Discussion in 'Economics' started by scriabinop23, Dec 18, 2007.

  1. One word for this....

    AWESOME !!!!!!!!!!!!!!

    ..........................................................

    Good Post !

    Hope this is for real......

    The tough thing would be to actually sell
    it at these levels.....

    High margins....for a while...

    http://www.nanosolar.com/index.html
     
  2. I have followed this company for the last 2 years, this is the real deal. I called them up begging to let me invest, the answer was "we are fully funded at this point, try back later". Look at the list of investors, that looks like the guest list to the Oscars equivalent.
     
  3. maybe this can further clarify what they are doing , from an email to me:

    December 18, 2007
    After five years of product development – including aggressively pipelined science, research and development, manufacturing process development, product testing, manufacturing engineering and tool development, and factory construction – we now have shipped first product and received our first check of product revenue.
    We are grateful to everyone who supported us through all these years and the many occasions where there appeared to be mile-high concrete walls in our path; the unusual intensity and creativity of our team deserves all the credit for achieving this major milestone today.
    Our product is defining in more ways I can enumerate here but includes:

    - the world’s first printed thin-film solar cell in a commercial panel product;
    - the world’s first thin-film solar cell with a low-cost back-contact capability;
    - the world’s lowest-cost solar panel – which we believe will make us the first solar manufacturer capable of profitably selling solar panels at as little as $.99/Watt;
    - the world’s highest-current thin-film solar panel – delivering five times the current of any other thin-film panel on the market today and thus simplifying system deployment;
    - an intensely systems-optimized product with the lowest balance-of-system cost of any thin-film panel – due to innovations in design we have included.
    Today we are announcing that we have begun shipping panels for freefield deployment in Eastern Germany and that the first Megawatt of our panels will go into a power plant installation there.
    As far as the first three of our commercial panels are concerned:
    Panel #1 will remain at Nanosolar for exhibit.
    Panel #2 can be purchased by you in an auction on eBay starting today.
    Panel #3 has been donated to the Tech Museum in San Jose.
    [These are obviously not the first three we ever produced – we have produced loads for testing – but these are the first three of what we consider our commercial panels.]
     
  4. maxpi

    maxpi

    The state of California is building a steam engine based 550 megawatt solar power station on 7 acres. That is 1800 watts per square foot. The solar panel company is keeping actual technical details to themselves but I doubt they can come anywhere near that much power per square foot. they might be as high as 50 since they claim 5 to 10 times the previous generation's capability. They should have a huge market for new construction and retrofitting even single family homes. At 50 watts a square foot the average house in the Mojave Desert could sell lots of energy to the grid most days.
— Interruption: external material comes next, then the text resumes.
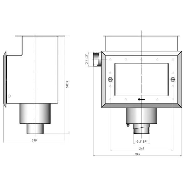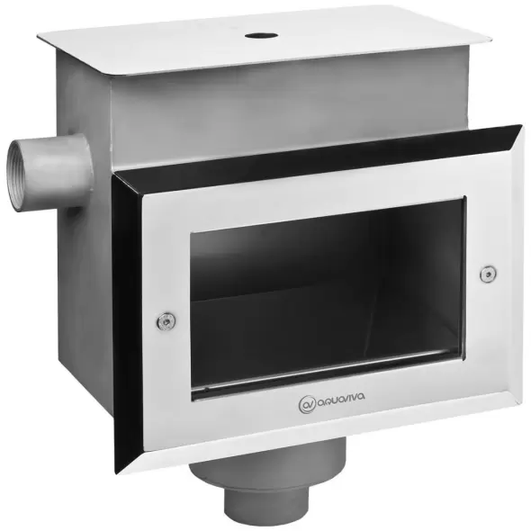 Скиммер с квадратной крышкой 25м2, 2" лайнер, AISI 304
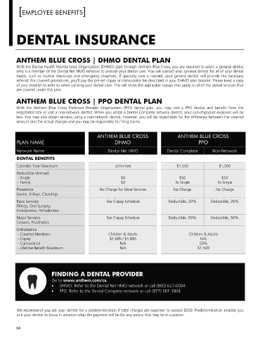 [EMPLOYEE BENEFITS] DENTAL INSURANCE ANTHEM BLUE CROSS | DHMO DENTAL PLAN ANTHEM BLUE CROSS | PPO DENTAL PLAN ANTHEM BLUE CROSS ANTHEM BLUE CROSS PLAN NAME DHMO PPO DENTAL BENEFITS FINDING A DENTAL PROVIDER • • 14

    Coal has to go. It is the cause of the pollution of the oceans with mercury and it spews all sorts of garbage into the air including a lot of radioactive stuff that is dredged up with the coal. If these solar panel manufacturers can keep lowering the initial cost and raising the energy density there has to be a massive wave of conversion of generation to the ubiquitous model.
     
  5. chisel

    chisel

  6. Because they have no product for over a year.

    Many companies over the last 5 years making claims of this and that but no significant amount of product ever gets delivered. Like Daystar Technologies.
     
  7. The panels can produce .99c per watt solor under ideal conditions, which would be 3 to 4 hours per day in the right (desert) environment.

    You still have your infastructure costs in building a solar farm, such as land and connecting to the grid. Plus systems for controlling output as well as administation and business operation costs.

    If the panels are to be used for domestic purposes you have installation costs, back up batteries or expensive electrical systems to integrate into the home power supply andsend electricity back to the grid.

    The real cost is probably closer to 6c -7c per kwh.

    We're getting there though. i read a report that said solar efficiency is improving at such a rate that it will make coal look expensive within ten years. We're talking 3c - 4c wholesale.

    Runningbear
     
  8. We could end up using this stuff as roofing material or something :) Imagine a home's roof covering topped entirely with this economical "printed" solar film technology. That would give enough power to reduce electric costs sizeably.
     
  9. I suspect manufacturing solar panels is cheaper in China than USA, Canada or Europe so it is the Chinese solar companies that are likely to grow the solar business.